We will not talk now about the benefits or the dangers of a source of pure glucose and fructose. Everyone has heard about this for a long time. But not everyone knows how to determine the quality of honey.
Let's start with the states of honey: liquid, stone, crystallized.
Stone honey is the rarest. It is collected by wild bees that settle in the mountains, in hard-to-reach crevices. Honey is really hard as a stone, because its moisture content is scanty.
Liquid honey (fresh "pitching") is always especially fragrant, viscous and similar to amber. Of course, the taste, aroma, and color depend on where the collection took place.
Soon, honey crystallizes, becomes loose (moisture evaporates). By the way, it does not change the composition and remains as useful. And faking it is harder. That is why do not be tempted by liquid honey in the winter - there is a high probability of an unscrupulous fake.
It may turn out that honey seems to be natural, but instead of benefit, it will only bring harm. The catch lies in the heat treatment of this product: to give a “seductive” look, the crystallized honey is heated, as a result you get either destroyed enzymes or carcinogens.
And honey can be mature and unripe (immature).
How to determine the quality of honey in this case? Actually, the very phrase "immature honey" itself makes you wonder: is it worth it to buy? Bees do not immediately seal their stocks in combs with peculiar wax caps. Nature laid in them the ability to “feel” the moisture content and wait for its evaporation, simultaneously supplying the product of activity with substances that kill microorganisms and bacteria, increasing the shelf life of sweet reserves. It is this process that beekeepers call ripening. Market conditions (or rather, thirst for profit) force unscrupulous beekeepers to disrupt the maturation process for the sake of earlier implementation. The quality of honey, of course, suffers. As a result, fermentation, loss of both taste and healing qualities. Therefore, the shelf life, of course, is minimal. Immaturity of honey is determined after heating to 20 ° C. If you remove and rotate the spoon, the honey will not wind up (too liquid).
Mature honey with the continuous rolling of a spoon, even slow, is screwed up and almost does not drain. And when transfused, it forms a kind of slowly spreading little hill, flowing down in thick, wide ribbons. But immature honey spreads out very quickly.
Any (stock, mixed, flower) honey can be checked for naturalness and improvised ways. Going for a purchase, grab water, iodine, vinegar.
Now for the details.
1. How to determine the quality of honey using vinegar? Dissolve a little honey in water (by the way, it should dissolve without residue, the presence of a precipitate already indicates poor quality) and drip vinegar into this solution. The chemical reaction will make a verdict: the appearance of foam is an undeniable sign of the presence of chalk.

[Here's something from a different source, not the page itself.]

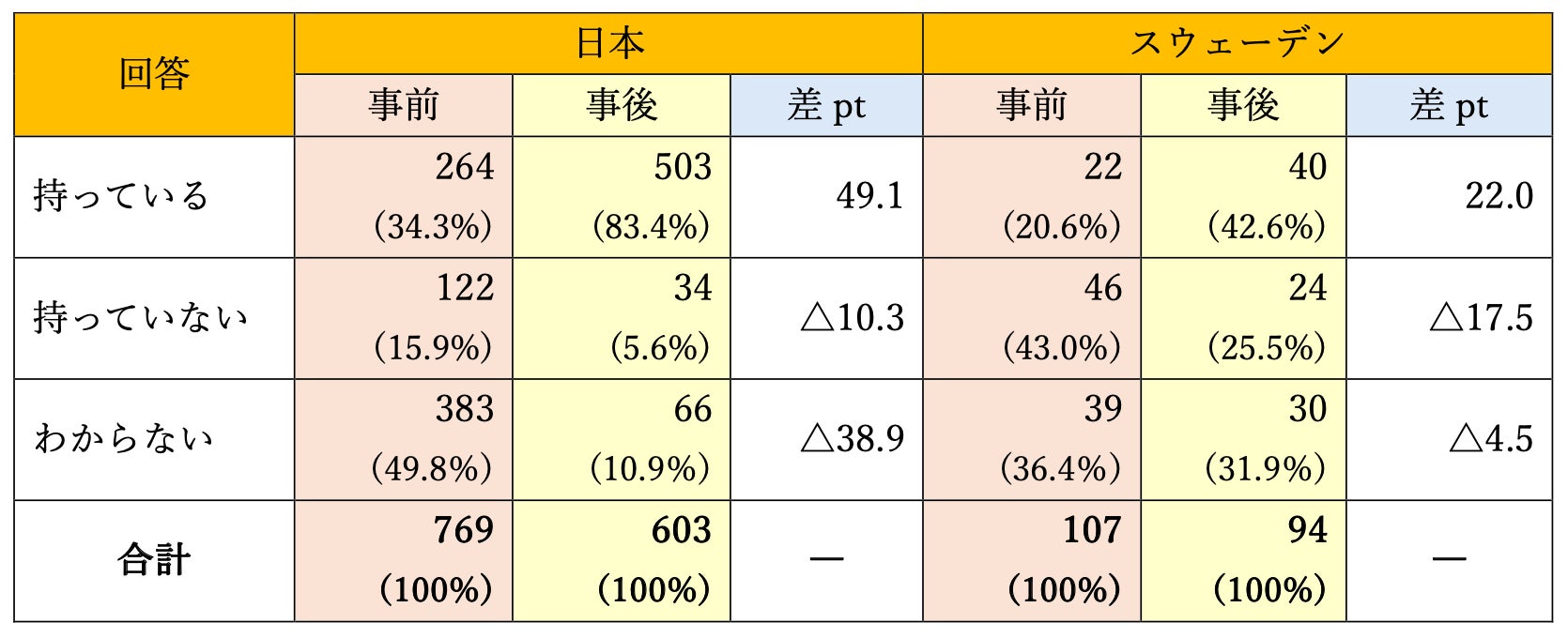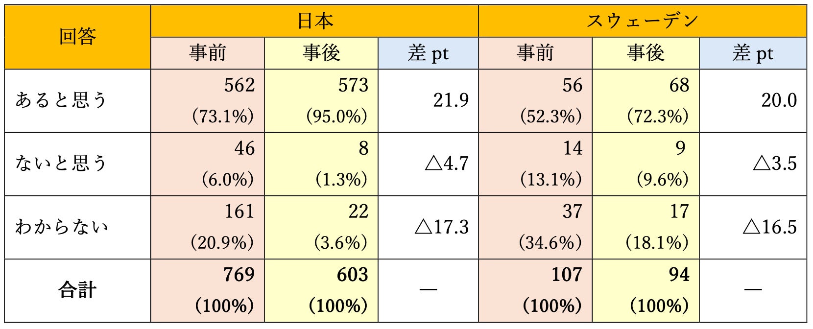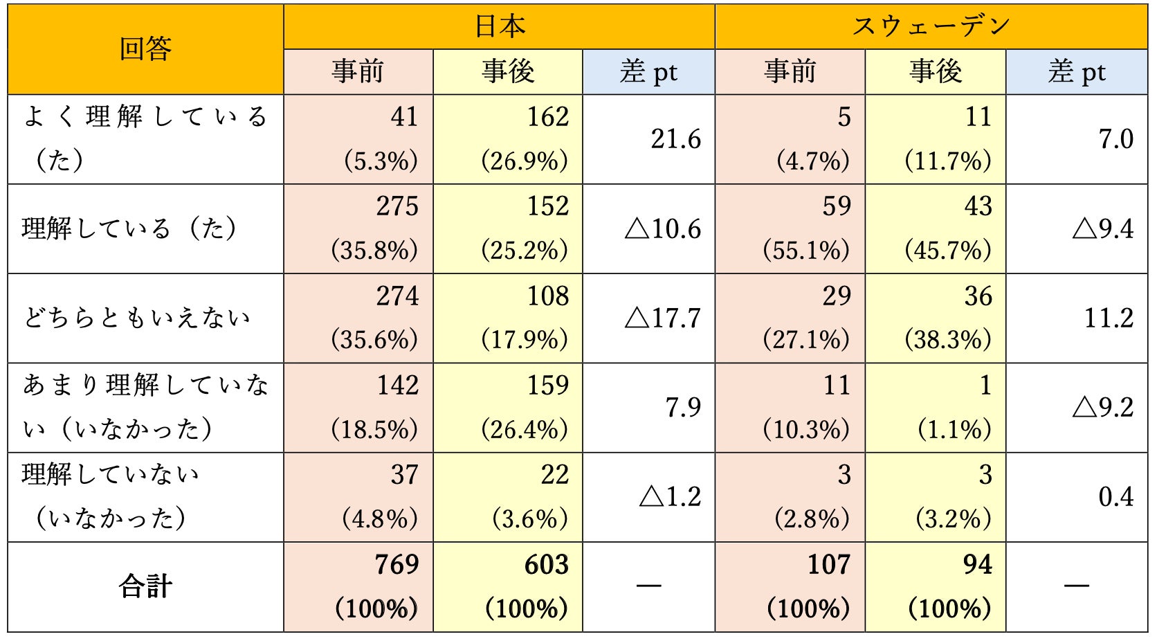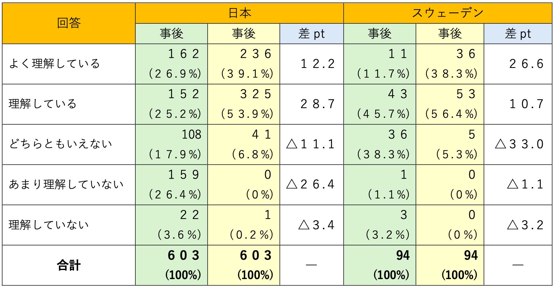 10代のデジタルエチケットプログラム実施前後で著作権に関する意識調査を行ったところ、実施前はスウェーデンの生徒の方が日本に比べて著作権を持っていないと回答した生徒の割合が多かったが、実践後は、著作権が自分に関わりがあることを認識するという結果となりました。また、両国の生徒に共通して、著作権を持っているかどうかに関わらず、著作権を身近な課題として捉える姿勢が見られました。授業の前後で理解度を比較したところ、いずれのケースでも理解が深まったことが確認され、本プログラムが著作権意識を高めるうえで大きな効果を発揮していることが明らかになりました。

2. How to determine the quality of honey with iodine? Put iodine in the same solution - the blueness indicates the presence of starch or flour.
Weight is also very important: a liter jar filled with honey should not weigh less than 1.4 kg (minus the weight of the jar itself).
If you don’t have vinegar, iodine or scales on hand, use second-rate paper (for example, a piece of newspaper). Drop honey on it. A blurry drop that forms a wet border will indicate the presence of water.
Now look at the jar of honey. Bubbles, the presence of foam, sour smell, stratification indicate fermentation (and therefore, immaturity).
The coarsest fake is “sugar honey”, a few drops of which will make boiled milk “curl up”. Actually, this is the simplest molten sugar with the addition of "garbage": pieces of honeycombs, paws of bees and even dead bees themselves. For the smell, some natural honey is sometimes added. In any case, you will immediately identify this fake (if, of course, you have tried real honey at least once): no aroma, no taste (just sweet), no color. And the consistency is not that ...
Honey in honeycombs is simply impossible to fake.
Want to avoid fakes? Find your "regular" seller. Perhaps even in the market, in a permanent place. It is on permanent. After all, reputation is expensive. And that means there is no point in faking, otherwise the seller will lose the buyer. Avoid spontaneous markets, grandmothers at the porches, gypsies, etc. Take the time to search, because you buy honey for health.